= La Latina TV =

French television channel (2005-2006)

La Latina TV was a French television channel catering the Latin American diaspora in Europe, particularly French-speaking areas. The channel existed from 2005 to 2006.

==History==
The channel was announced on 20 May 2004 with the aim of starting on 12 September, set to become the first channel targeting the Latin American community in France. Its output would consist of programs dedicated to Latin American culture, such as culture, music and tourism, as well as Latin American telenovelas. Its founder Guillermo Spivak, born in Argentina and living in France since 1981, spent €5 million to create the channel, which now had a new tentative launch date of 1 March 2005. At launch, it was scheduled to be carried on Canal Satellite and Noos. It was also expected that the channel's coverage area would increase to include Spain, Portugal, Germany and Italy, and provide 25 hours of original programming per week. Negotiations with major Latin American television companies were underway.

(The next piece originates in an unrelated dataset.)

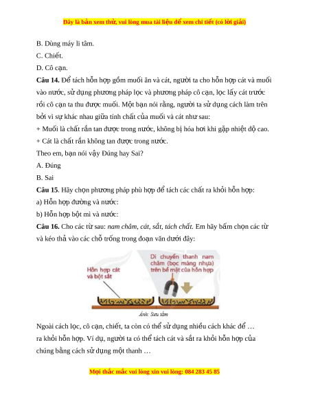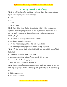 ặ . Theo em, lõi bông đó có tác d ng gì ụ ? A. L c ch ọ ất tan trong nư c. ớ B. L c ch ọ ất không tan trong nư c. ớ C. L c và gi ọ l ữ i ạ khoáng chất. D. L c hoá ch ọ ất đ c ộ h i ạ . Câu 12. N u ế không may làm đ d ổ u ăn vào n ầ ư c, ớ ta dùng phư ng pháp ơ nào đ ể tách riêng d u ăn r ầ a kh i ỏ nư c? ớ A. L c. ọ B. Dùng máy li tâm. C. Chi t ế . D. Cô c n. ạ Câu 13. Phư ng ơ pháp nào dư i ớ đây là đ n ơ gi n nh ả t ấ đ t ể ách cát l n t ẫ rong nư c? ớ A. L c. ọ M i ọ thắc m c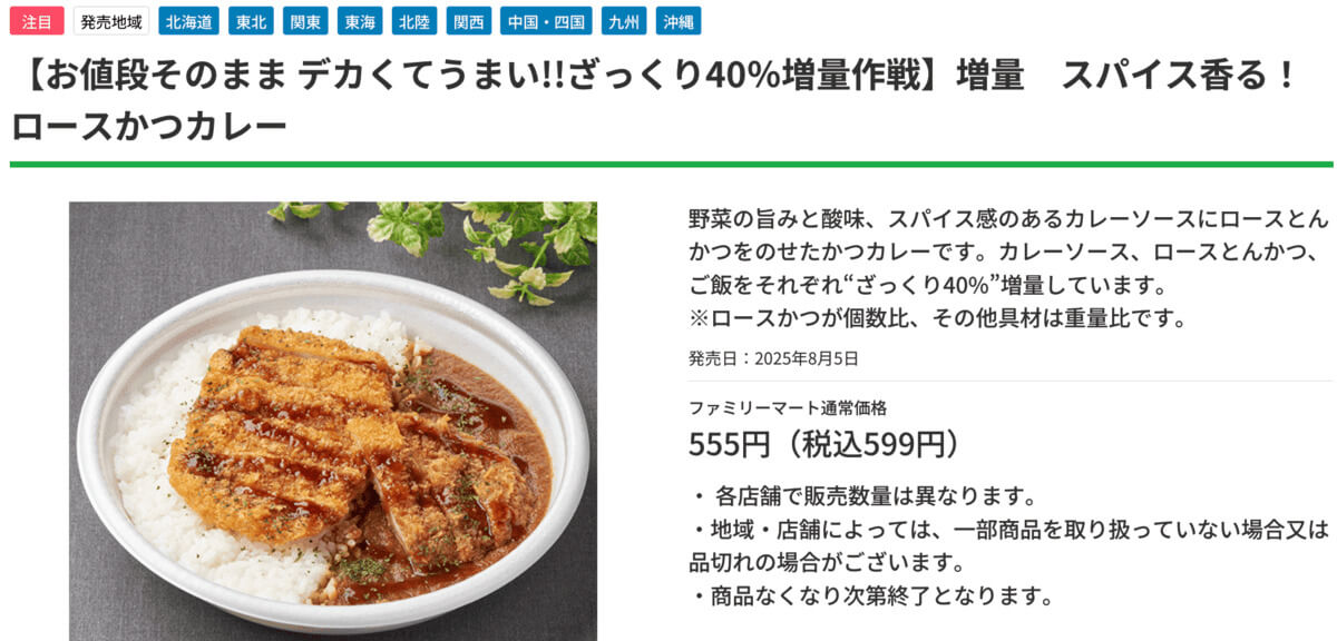 「ファミマの40%増量カツカレー、サイズがアホすぎる」

The launch was subsequently delayed to 1 May 2005. Programming was spoken in French, Spanish and Portuguese, with some of its programming being subtitled into French in an initial phase, followed by German and English in a second phase. According to a CSA ruling, 49% of its programming would consist of fiction, 21% music, 18% knowledge and 12% variety. Launch programming consisted of titles such as Oppenheimer presenta, the original program La movida latina about the Latin American cultural scene, Venezuelan telenovela Negra consentida, Mexican telenovela Destino de mujeres and the Colombian animated telenovela Blanca y pura. Feature films and documentaries from Latin American countries were also scheduled. Its programming was curated on purpose to attract Latin and non-Latinophile audiences. In terms of sports, it also announced its intent to air the CONMEBOL qualifiers for the 2006 FIFA World Cup, but none of the matches would be aired live.

Broadcasts of the channel began on 2 May 2005, on Canalsat and on Astra. In July, the channel was added to Freebox TV, increasing its subscriber base.

On 13 January 2006, La Latina TV announced that it would suspend operations at midnight on 31 January in order to improve its finances. The channel was set to resume in September that year with a new formula, consisting exclusively of telenovelas. The channel likely closed without starting under the new format.